## PROBLEM REQUIREMENTS:
All that is needed is the lines from the one containing "招聘會上,全校學前教育專業的" through the end of the listing, printed exactly, with no pictures among them.
[SUPPLIED INFORMATION Boundary: Start]
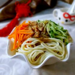 9. Put cucumber shreds and watered carrots on top of the noodles.
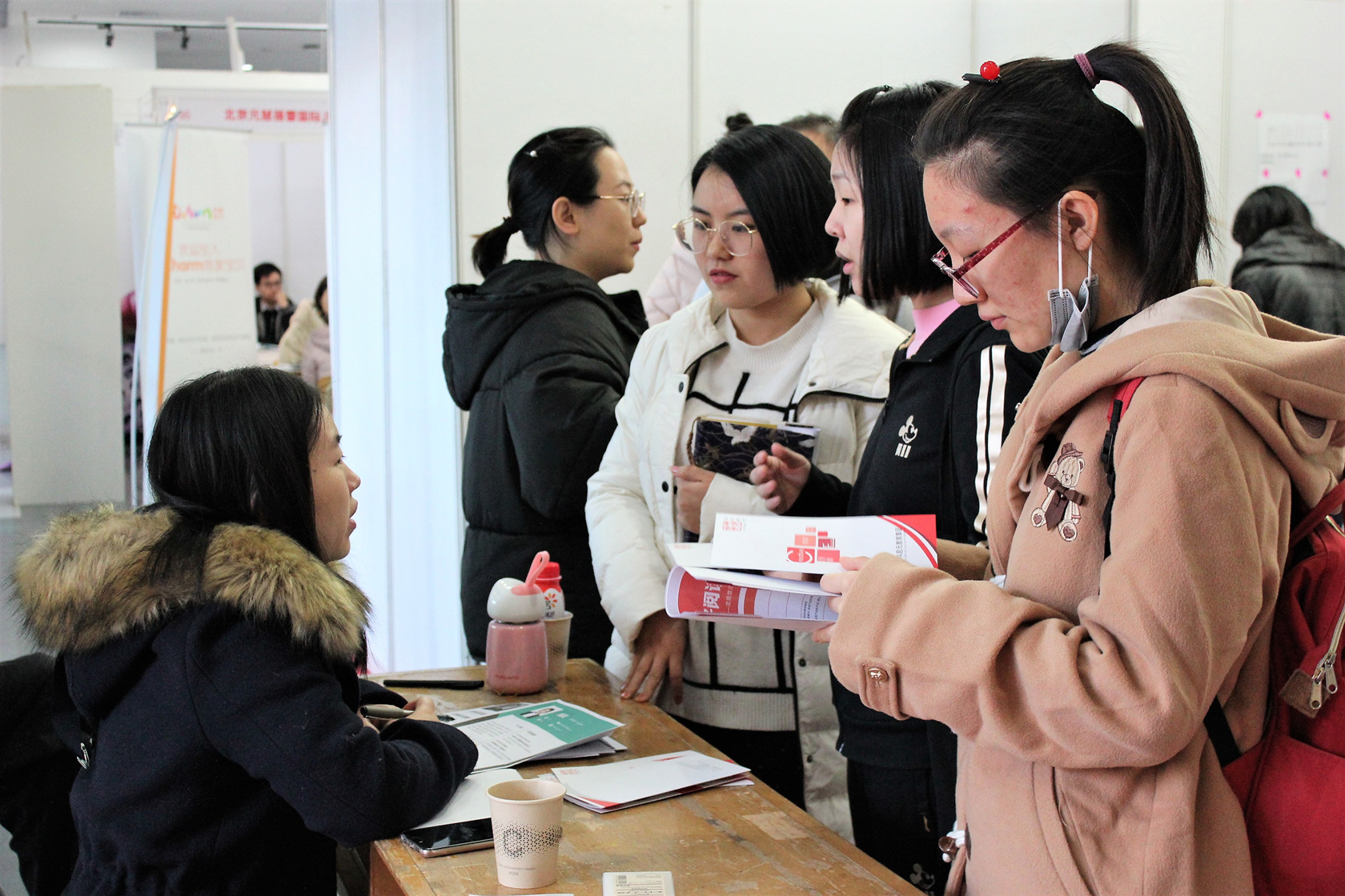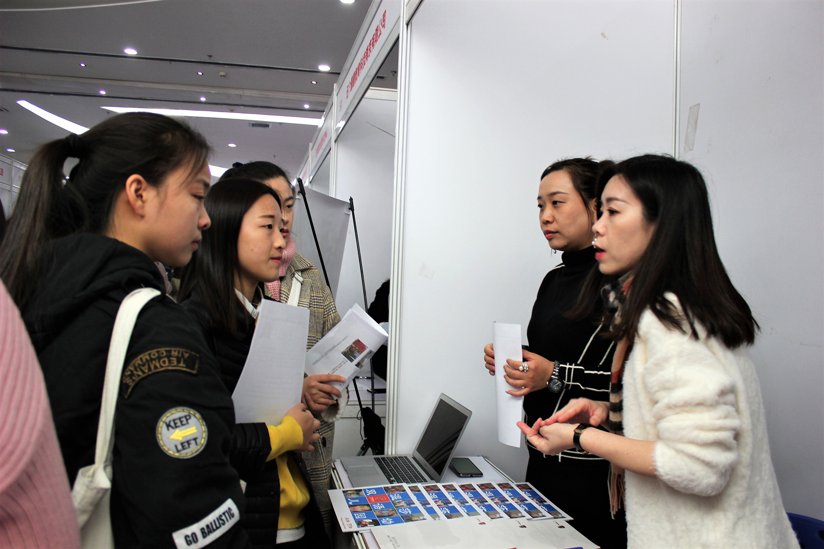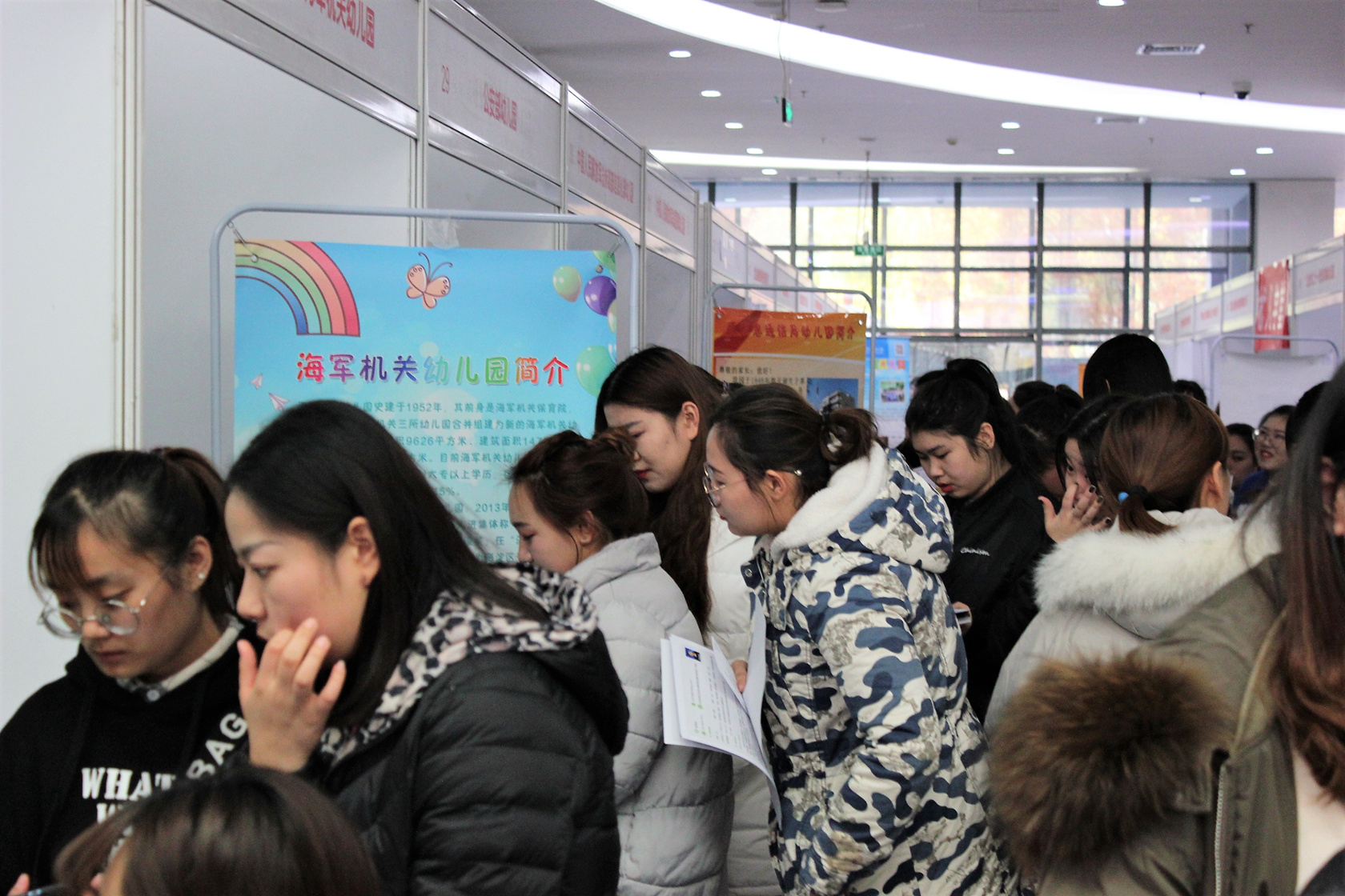 招聘會上,全校學前教育專業的同學們積極參與,她們求職熱情高漲,帶著自己精心制作的簡歷與用人單位積極互動,贏得了用人單位的高度肯定。
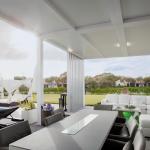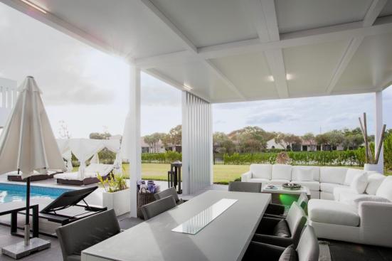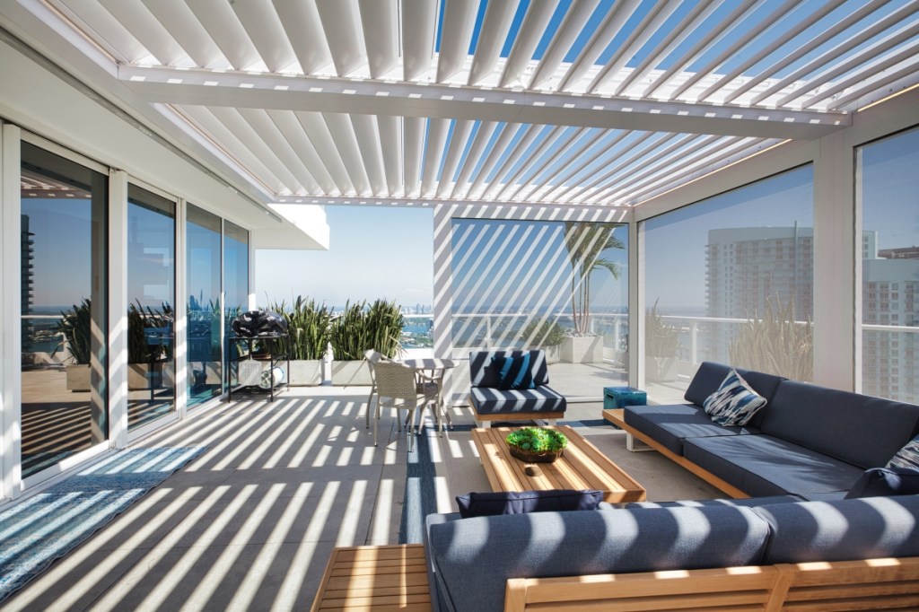 - Adaptability. An insulated solid roof format is also available. Retractable side screens help seal off insects and wind. A variety of LED lighting options are available.
[SUPPLIED INFORMATION Boundary: End]
## RESPONSE:
 招聘會上,全校學前教育專業的同學們積極參與,她們求職熱情高漲,帶著自己精心制作的簡歷與用人單位積極互動,贏得了用人單位的高度肯定。
 - Adaptability. An insulated solid roof format is also available. Retractable side screens help seal off insects and wind. A variety of LED lighting options are available.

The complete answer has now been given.